Crossed molecular beam experiments indicate that the reaction of the methylidyne radical (CH) with acetylene (C_{2}H_{2}) forms cyclopropenylidene plus atomic hydrogen and also propadienylidene plus atomic hydrogen. The neutral–neutral reaction between atomic carbon and the vinyl radical (C_{2}H_{3}) also forms cyclopropenylidene plus atomic hydrogen. Both reactions are rapid at 10 K and have no entrance barrier and provide efficient formation pathways in cold interstellar environments and hydrocarbon-rich atmospheres of planets and their moons.
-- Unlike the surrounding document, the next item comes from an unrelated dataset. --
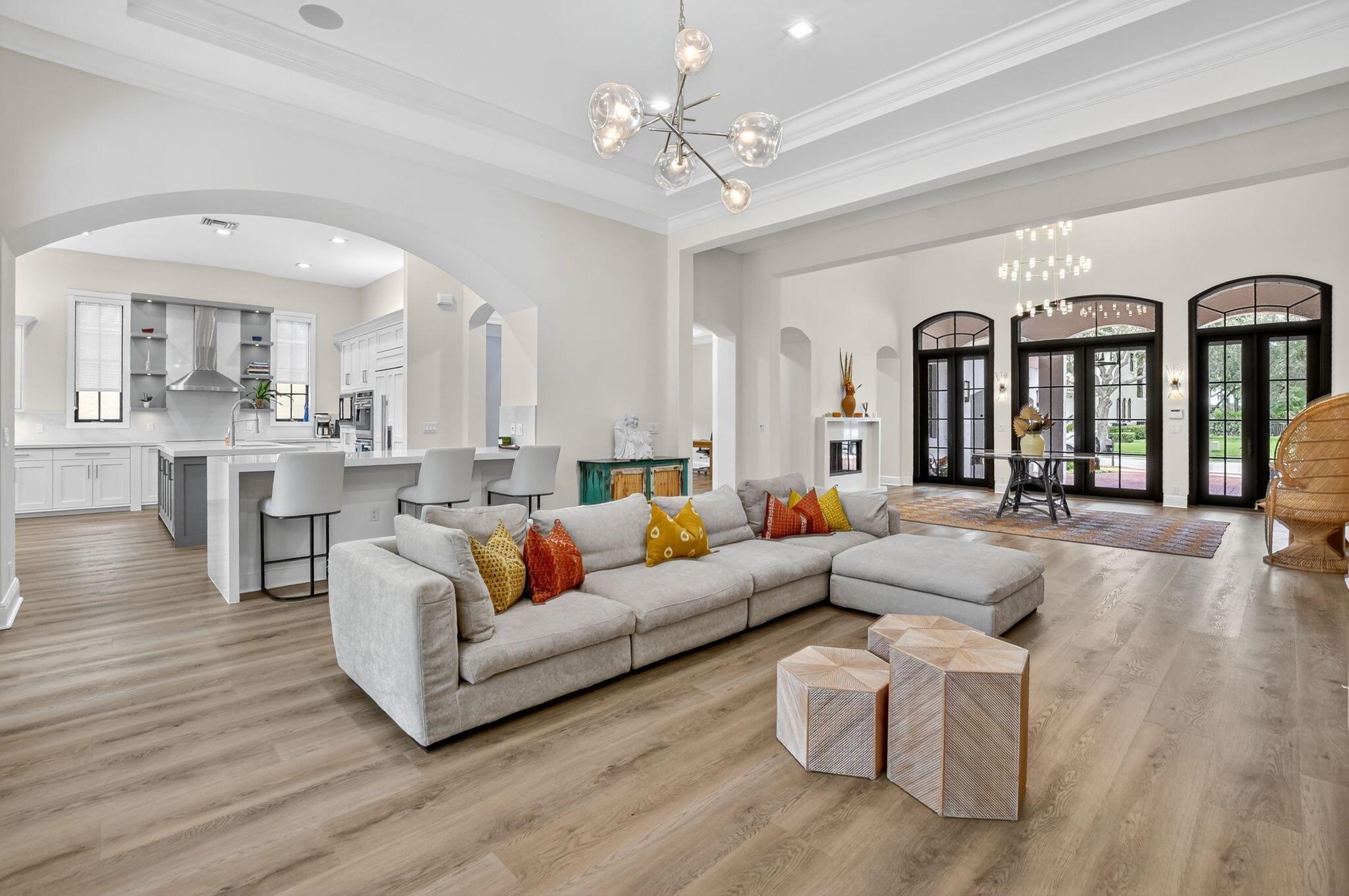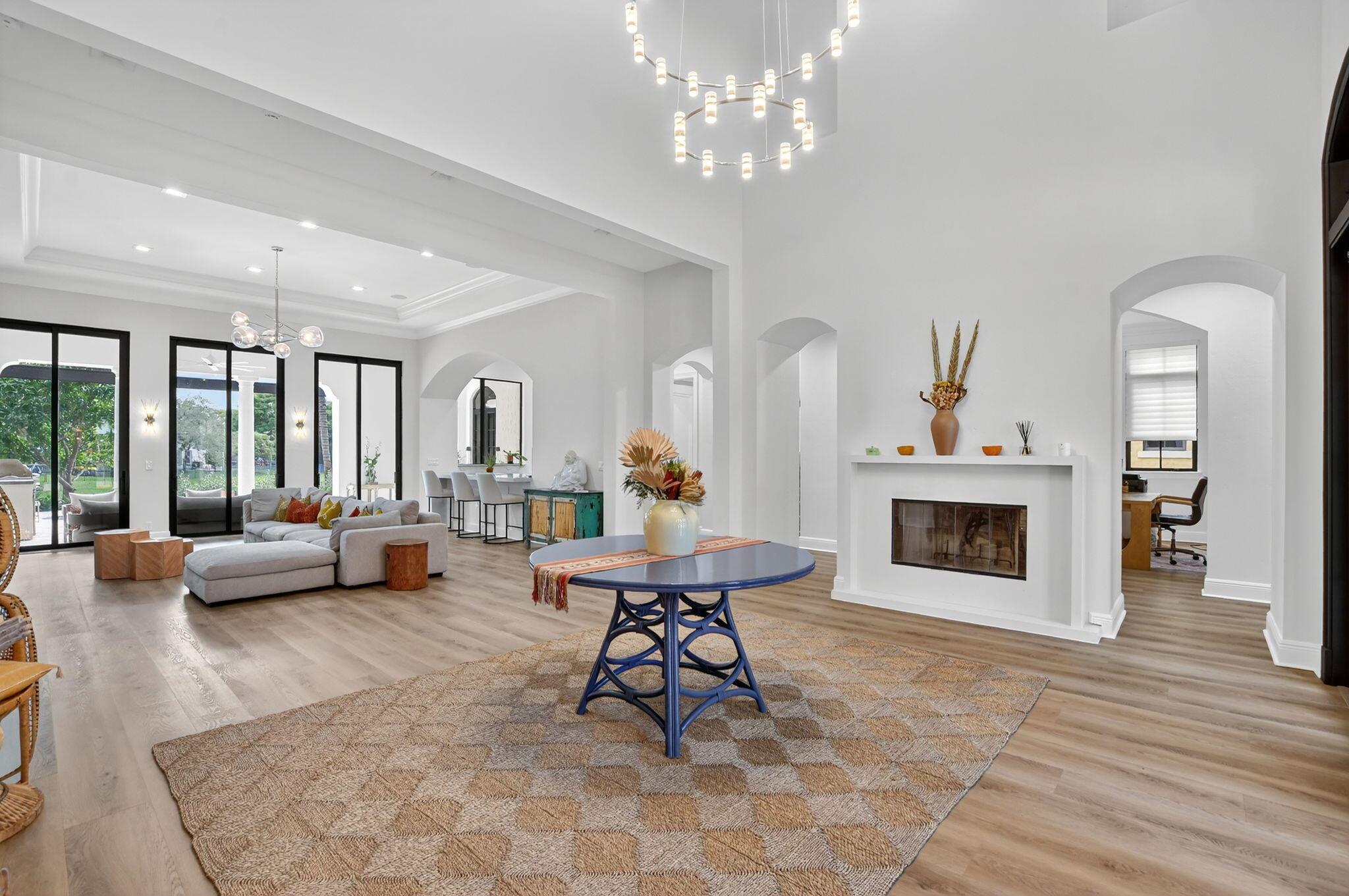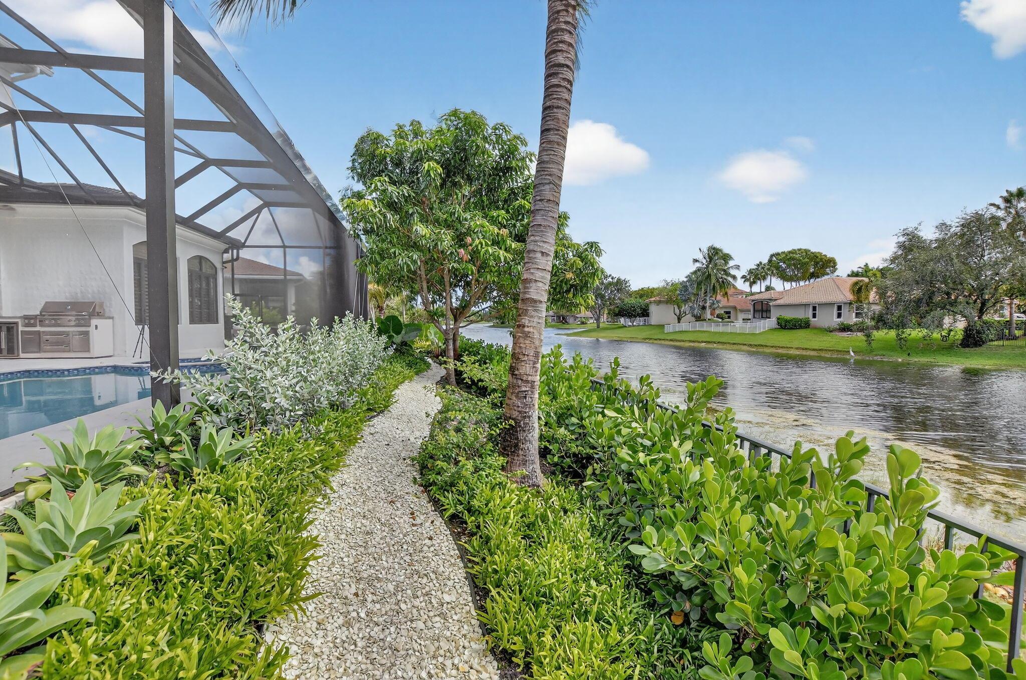 Experience refined luxury in this move-in ready waterfront estate on one of Parkland Golf & Country Club's most prestigious streets. This expanded Minorca model offers 6 bedrooms including a first-floor primary suite, 4 full & 2 half baths combining elegant design in a serene, resort-style community. Inside, in addition to the renovated kitchen, living areas & bathrooms, other upgrades include updated waterproof flooring (no carpet in sight) and newly installed hurricane impact sliding doors for seamless indoor/outdoor living. Outside, enjoy the unobstructed view from the fully screened pool patio and lush new backyard landscaping. In addition to the private pool & spa, there is a custom outdoor grill perfect for entertaining.

Matrix isolated cyclopropenylidene has been prepared by flash vacuum thermolysis of a quadricyclane derivative in 1984.

==Destruction==
Cyclopropenylidene is generally destroyed by reactions between ions and neutral molecules. Of these, protonation reactions are the most common. Any species of the type HX^{+} can react to convert the c-C_{3}H_{2} back to c-C_{3}H_{3}^{+}. Due to rate constant and concentration considerations, the most important reactants for the destruction of c-C_{3}H_{2} are HCO^{+}, H_{3}^{+}, and H_{3}O^{+}.

C_{3}H_{2} + HCO^{+} → C_{3}H_{3}^{+} + CO

Notice that c-C_{3}H_{2} is mostly destroyed by converting it back to C_{3}H_{3}^{+}. Since the major destruction pathways only regenerate the major parent molecule, C_{3}H_{2} is essentially a dead end in terms of interstellar carbon chemistry. However, in diffuse clouds or in the photodissociation region (PDR) of dense clouds, the reaction with C^{+} becomes much more significant and C_{3}H_{2} can begin to contribute to the formation of larger organic molecules.

==Spectroscopy==
Detections of c-C_{3}H_{2} in the ISM rely on observations of molecular transitions using rotational spectroscopy. Since c-C_{3}H_{2} is an asymmetric top, the rotational energy levels are split and the spectrum becomes complicated. Also, it should be noticed that C_{3}H_{2} has spin isomers much like the spin isomers of hydrogen. These ortho and para forms exist in a 3:1 ratio and should be thought of as distinct molecules. Although the ortho and para forms look identical chemically, the energy levels are different, meaning that the molecules have different spectroscopic transitions.

When observing c-C_{3}H_{2} in the interstellar medium, there are only certain transitions that can be seen. In general, only a few lines are available for use in astronomical detection. Many lines are unobservable because they are absorbed by the Earth's atmosphere. The only lines that can be observed are those that fall in the radio window. The more commonly observed lines are the 1_{10} to 1_{01} transition at 18343 MHz and the 2_{12} to 1_{01} transition at 85338 MHz of ortho-c-C_{3}H_{2}.